Tuesday, March 7, 2017

The Sermon and Intecessions in the Divine Service. . .

There are those in Rome who often complain about the problems of post-Vatican II liturgical tinkering (and rightly so) but some of those critiques give us Lutherans indigestion.  Some find the whole idea of a homily (sermon) to be an intrusion and distraction within the Latin Mass.  It is as if the Reformation really does need to be fought again.  For example, some believe the homily is not a part of the liturgy.
The homily already threatens to disturb the liturgical flow, because it represents more the temporal human axis of liturgy, but a good homily need not last for more than a few minutes, and if it is truly good, it has whetted the soul’s appetite for the Bread of Life through pondering the Word of God.
I would suggest that this is something that hardly needs to said of many Roman Catholic preachers and their homilies.  It is clear that this homily is hardly more than a commercial moment for the latest parish program or a disjointed series of pious notes on how to be pious instead of a serious attempt to address the people with the Word of the Lord from the pericopes.  It is here that Lutherans have credibility in their claim to be catholic in doctrine and practice.  Homilies began as serious sermons -- Biblical, catechetical, and doctrinal as well as consistent with the liturgical setting of the Divine Service.

A second area of disagreement lies within the role and purpose of the general intercessions in the Mass.  The Roman Canon is replete with petitions that parallel if not repeat the general intercessions of the Mass.  This is certainly true.  It is unnecessary to establish a separate part of the liturgy for them as long as one retains (as one should) the Roman Canon, with its beautiful intercessions for the Church, the Pope, the Bishop, priests, and the people, and, after consecration, for the faithful departed.  Now, speaking as a Lutheran without the petitions of the Roman Canon, I can see where this duplication might be seen as distracting.  On the other hand, it is somewhat strange to hear prayer itself being seen as disjointed or disconnected from the liturgy.  Perhaps the problem here is as much with what passes for prayer as the idea of the general intercessions.  I would certain echo the critique that prayers are too often either too general to be praying for anything or so specific as to risk being irrelevant to the general congregation.  The motley collection of petitions, usually poorly written and even more poorly read, disturbs the natural flow of the liturgy not because the intercessions exist at all but because we have forgotten how to pray.  Such a defect is best solved not by removing the place for intercessions within the liturgy but spending some time and effort into writing those prayers to be worthy of the words and shape of the liturgy around them.

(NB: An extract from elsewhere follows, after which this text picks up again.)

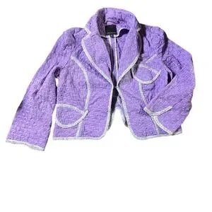 A women's purple textured blazer jacket from The Limited. This stylish jacket features a unique allover circular cutout texture and a contrasting embroidered trim along the lapels, pockets, and hem. Designed with a classic notched lapel and a single-button closure, it offers a polished look. Perfect for elevating a casual outfit or adding a touch of sophistication to workwear.

Lutherans have their own liturgical messes but some of our problems mirror those of these Roman Catholic critics.  On the one hand we have Lutheran preachers who see the liturgy as basically prelude and postlude to the sermon.  They treat the sermon as an intentionally disjointed element of the Sunday morning service.  Free texts in place of the lectionary and sermon series that pay scant attention to the Sunday or the Church Year have left people with the distinct impressions that the sermon is the real high point of the liturgy (not even the voice of God in the Word or the flesh and blood of Christ in the Holy Communion can displace the sermon from its perch as the greatest moment of the Lord's day).  On the other hand, we also have Lutherans who treat prayers as announcements and who pray as if it were the greatest sacrament.  The whole enterprise of preparing intercessions for use in the Divine Service is created in part because so many pastors are strangers to the great treasury of prayer in the collects.  Crafting prayers that help us pray is not an easy task and is best learned from the tutelage of those who prayed before us.  If pastors find it hard to craft such intercessions or who are unwilling to learn from the collects, perhaps it is better to use a well crafted series of intercessions crafted by others.  My point is that giving attention to crafting the intercessions is an important component of preparing the Divine Service -- just as the task of preaching a sermon that flows from and back to that Divine Service is itself part of the overall homiletical task.

1 comment:

John Joseph Flanagan said...

It should all come together and be interrelated as part and parcel of worship....Liturgy, prayer, hymns, Gospel reading and Epistle lesson, a topical sermon, the Lord's Supper, closing hymn......so why do we spend so much time debating everything? Perhaps, we might consider not trying to squeeze it all into one hour....maybe an hour and a half would be a great staring place.